The pictures get left out, but everything else in the listing below must be duplicated exactly.

▶ **Collected data**:
★ ★ ★ ★
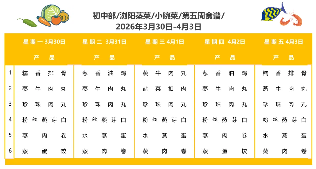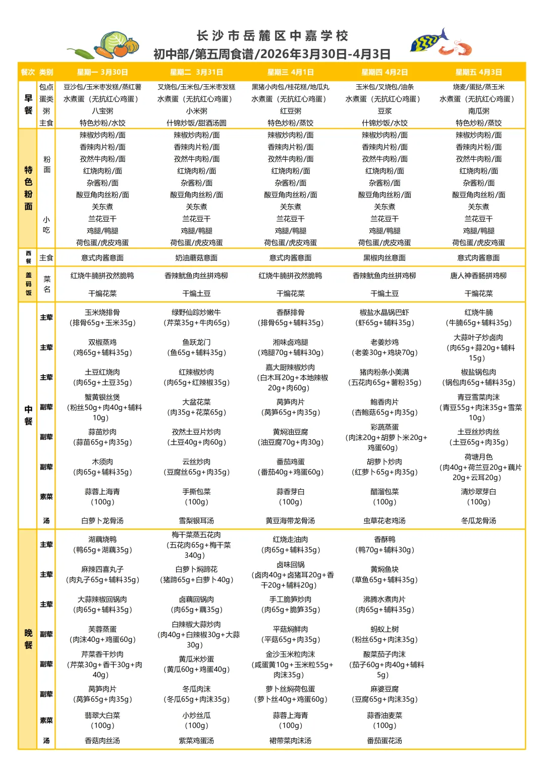 嘉美“食”光丨长沙市岳麓区中嘉学校初中部食堂第五周带量营养食谱
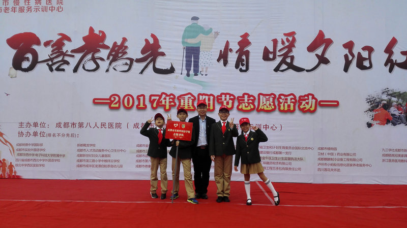 2017年10月25日,成都市第八人民醫(yī)院(成都市慢性病醫(yī)院)舉辦了“百善孝為先 情暖夕陽紅”主題重陽節(jié)志愿服務(wù)活動,成都實外新都五龍山學(xué)校在校長助理韓智軍 老師的組織與帶領(lǐng)下參加了本次活動。
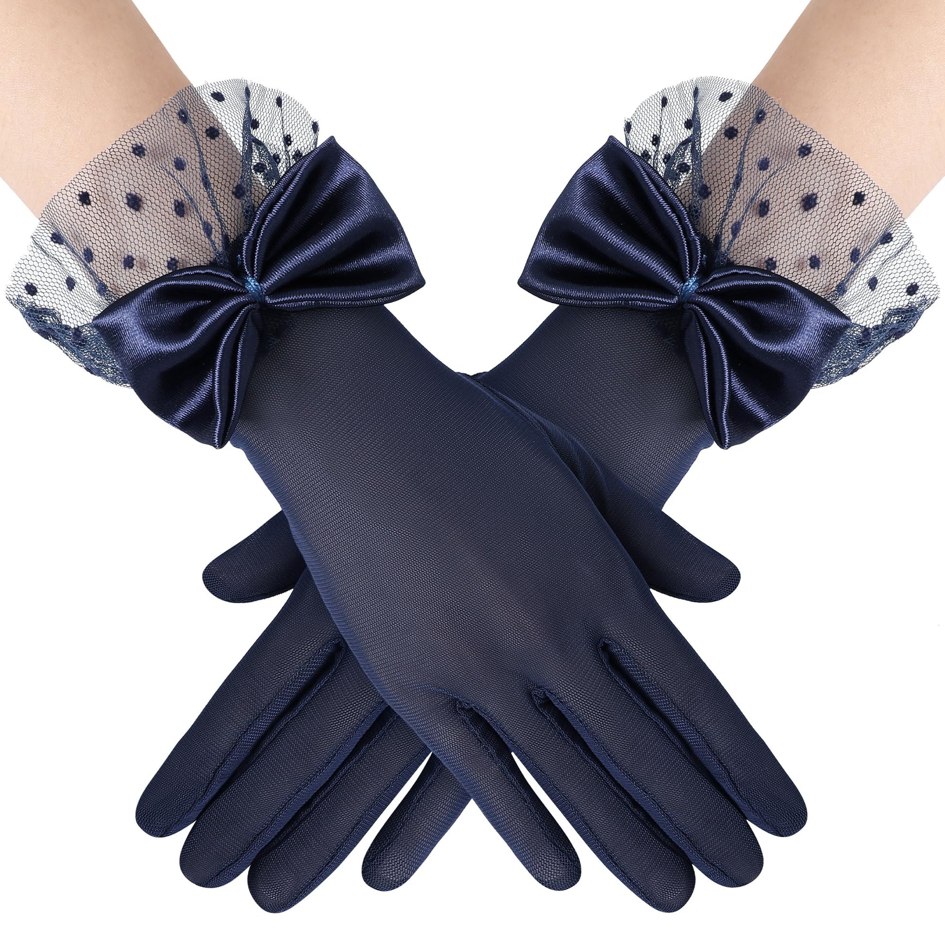 BABEYOND Lace Gloves for Women - Bow Short Prom Gloves Evening Elegant Accessories for Wedding Opera Party
★ ★ ★ ★
▶ **Answer below**:
 嘉美“食”光丨长沙市岳麓区中嘉学校初中部食堂第五周带量营养食谱
 2017年10月25日,成都市第八人民醫(yī)院(成都市慢性病醫(yī)院)舉辦了“百善孝為先 情暖夕陽紅”主題重陽節(jié)志愿服務(wù)活動,成都實外新都五龍山學(xué)校在校長助理韓智軍 老師的組織與帶領(lǐng)下參加了本次活動。
 BABEYOND Lace Gloves for Women - Bow Short Prom Gloves Evening Elegant Accessories for Wedding Opera Party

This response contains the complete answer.